The firefighter's wife turned to the teacher for help, but she only advised to wait until time passes - they say, the children themselves will stop talking nonsense. However, the girl during this time developed a real phobia in front of the school.

“... now she doesn't even want to leave the house, she starts to sob, suffocate when we even try to go out for a walk,” said a resident of Kemerovo. nine0003

The parents were at a loss and did not know how to help the child. The only way out was to transfer her daughter to another school, although doing this at the end of the school year is extremely inconvenient.

“At school, the children stammered her. Physically they can push, insult. My daughter is crying and doesn't want to go to school. They called her a doctor, but it seems we need a psychologist. I can't explain to the girl that it's not my fault. It's too hard for her. She only hears from her classmates that the firefighters are to blame, they did not save, ”the man added. nine0003

Why adults take revenge on other people's children

Clinical psychologist Leona Ovchinnikova, in a conversation with Gazeta.Ru, explained how adults can actually start bullying a child. With their negative attitude, they, albeit unconsciously, make it clear to children that their peer is not the right one.

“Now the parents of elementary school students and teachers are mainly people whose childhood and youth fell on the 90s, a difficult and cultureless time. At this time, people themselves learned what the loss of ethical norms and rules is. nine0003

Compare: before the revolution, people relied on Christian morality, then on communist ideas, and in the 90s, value orientations were completely lost,” the specialist notes.

If we talk about children in small towns, such as Toguchin, then the situation there is complicated by the fact that information about the inhabitants spreads around the city instantly - according to the principle "everyone knows everything about everyone." In addition, in small towns there are much fewer cultural facilities in the form of theaters, schools of aesthetic development, and so on, which means that it is more difficult for people to develop morality and patience with each other, Leona Ovchinnikova believes. nine0003

“Since the 1990s, many people have been living under the slogan: “We don't need anything that is different from us,” she explains.

The psychologist commented on the situation with Nadezhda's son from the Novosibirsk region. In her opinion, in this case, the family will not be able to defeat the community of parents and teachers.
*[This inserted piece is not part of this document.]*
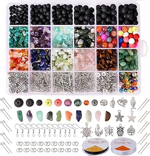 Hongyans 1068 Pièces Kit de Fabrication de Bijoux Bricolage Perles de Pierre de Lave Perles de Pierres Précieuses à Puce Naturel Irrégulières Perles en Vrac Énergie Pierre pour DIY Collier Bracelet

“Of course, I don't know the social and financial possibilities of the family, but in this situation I would advise you to leave the city and change your surname, because first of all it is necessary to save the child. If this story happened in a big city, then the family could simply move to another area, but in a town with 20 thousand people, no one will forget who the father is the boy, ”the interlocutor states with regret. nine0003

At the same time, the psychologist believes that the only way for Nadezhda to pull the situation over herself is to appeal to the general public through the media.

The expert is sure that high-quality work of psychologists will help to avoid bullying in schools, in particular in small towns.

According to her, now school psychologists are focusing on optimizing the educational process, while schools also need “a different kind of psychologists who deal with problems of interpersonal relationships in the classroom.” Such specialists will help to work through the difficulties between children, between children and teachers, between children and parents. nine0003

As for bullying by peers, it largely comes from our social expectations and perceptions. As the psychologist noted, in the 90s, when social stratification in society intensified, children in schools began to notice that they were brought up in different families: some parents were successful, others lost their jobs and often started drinking.

“Such families became dysfunctional, and children became socially neglected. Twenty years have passed, but the situation has not improved: on the contrary, an unfriendly attitude towards children from financially disadvantaged families has strengthened, and their persecution remains not punishable, because it seems to people that a child from a difficult family is a priori worse than their peers, ”notes Leona Ovchinnikova.